Mesoscale droplets are caused by hydrophobic impurities in 3MP.

A periodic structure of about 10 nm is inherent to the solution.

Critical behavior follows the 3D Ising universality class.

Abstract

We have investigated controversial issues regarding the mesoscale behavior of 3-methylpyridine (3MP), heavy water, and sodium tetraphenylborate (NaBPh4) solutions by combining results obtained from dynamic light scattering (DLS) and small-angle neutron scattering (SANS). We have addressed three questions: (i) what is the origin of the mesoscale inhomogeneities (order of 100 nm in size) manifested by the "slow mode" in DLS? (ii) Is the periodic structure observed from SANS an inherent property of this system? (iii) What is the universality class of critical behavior in this system?

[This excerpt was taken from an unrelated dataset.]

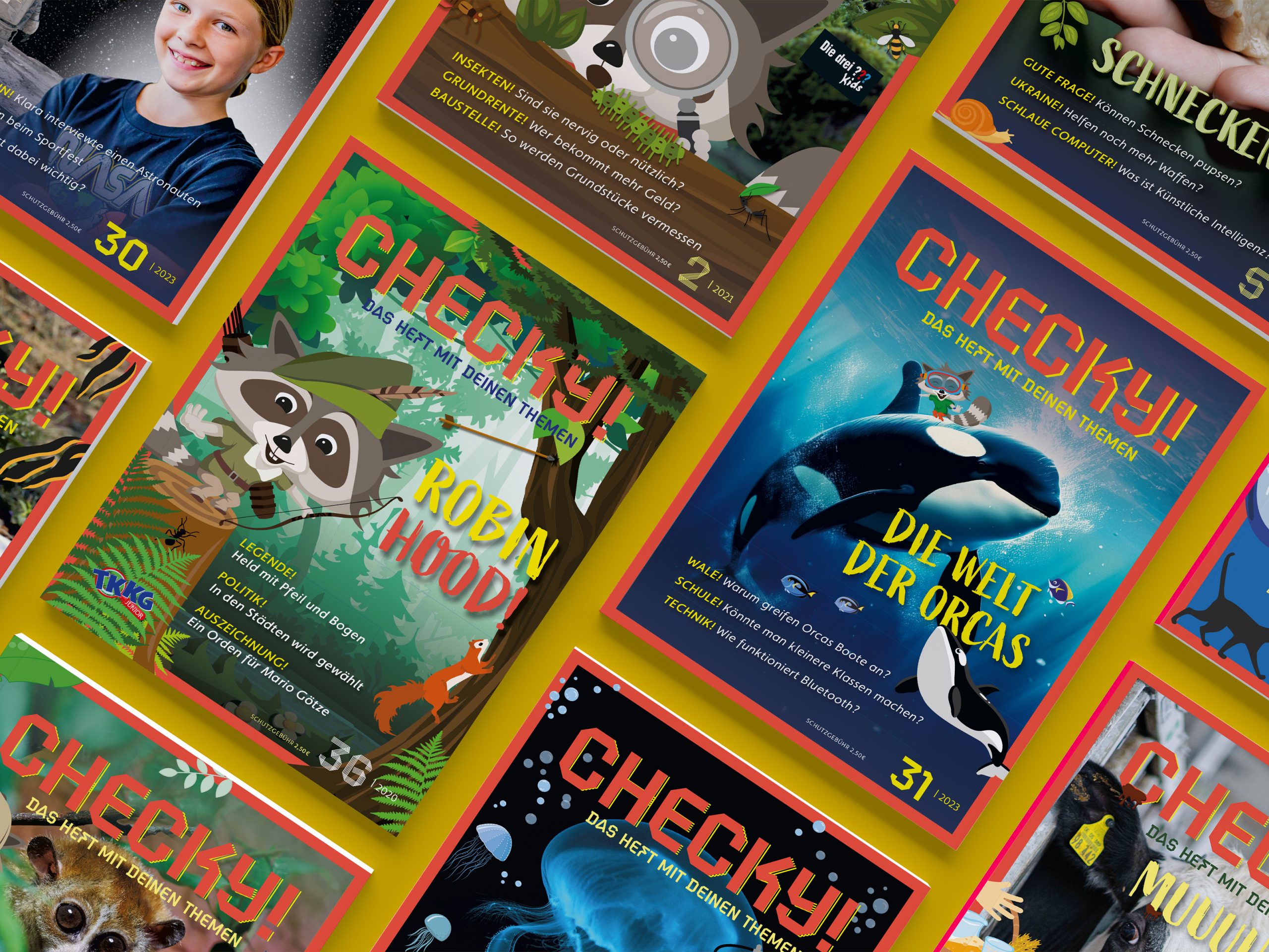 Die Welt verstehen mit der Kinderzeitung CHECKY! In CHECKY! finden Kinder zwischen 6 und 12 Jahren jede Woche aktuelle Nachrichten sowie spannende Wissensthemen – altersgerecht erklärt und mit vielen Extras, die Lust am Lesen wecken. So sind junge Leserinnen und Leser immer gut informiert! Erscheinungsweise: Wöchentlich, 20 Seiten. Entwurf und Layout: Oliver Schäfer.

Our results confirm that the "slow mode" observed from DLS experiments corresponds to long-lived, highly stable mesoscale droplets (order of 100 nm in size), which occur only when the solute (3MP) is contaminated by hydrophobic impurities. SANS data confirm the presence of a periodic structure with a periodicity of about 10 nm. This periodic structure cannot be eliminated by nanopore filtration and thus is indeed an inherent solution property. The critical behavior of this system, in the range of concentration and temperatures investigated by DLS experiments, indicates that the criticality belongs to the universality class of the 3-dimensional Ising model.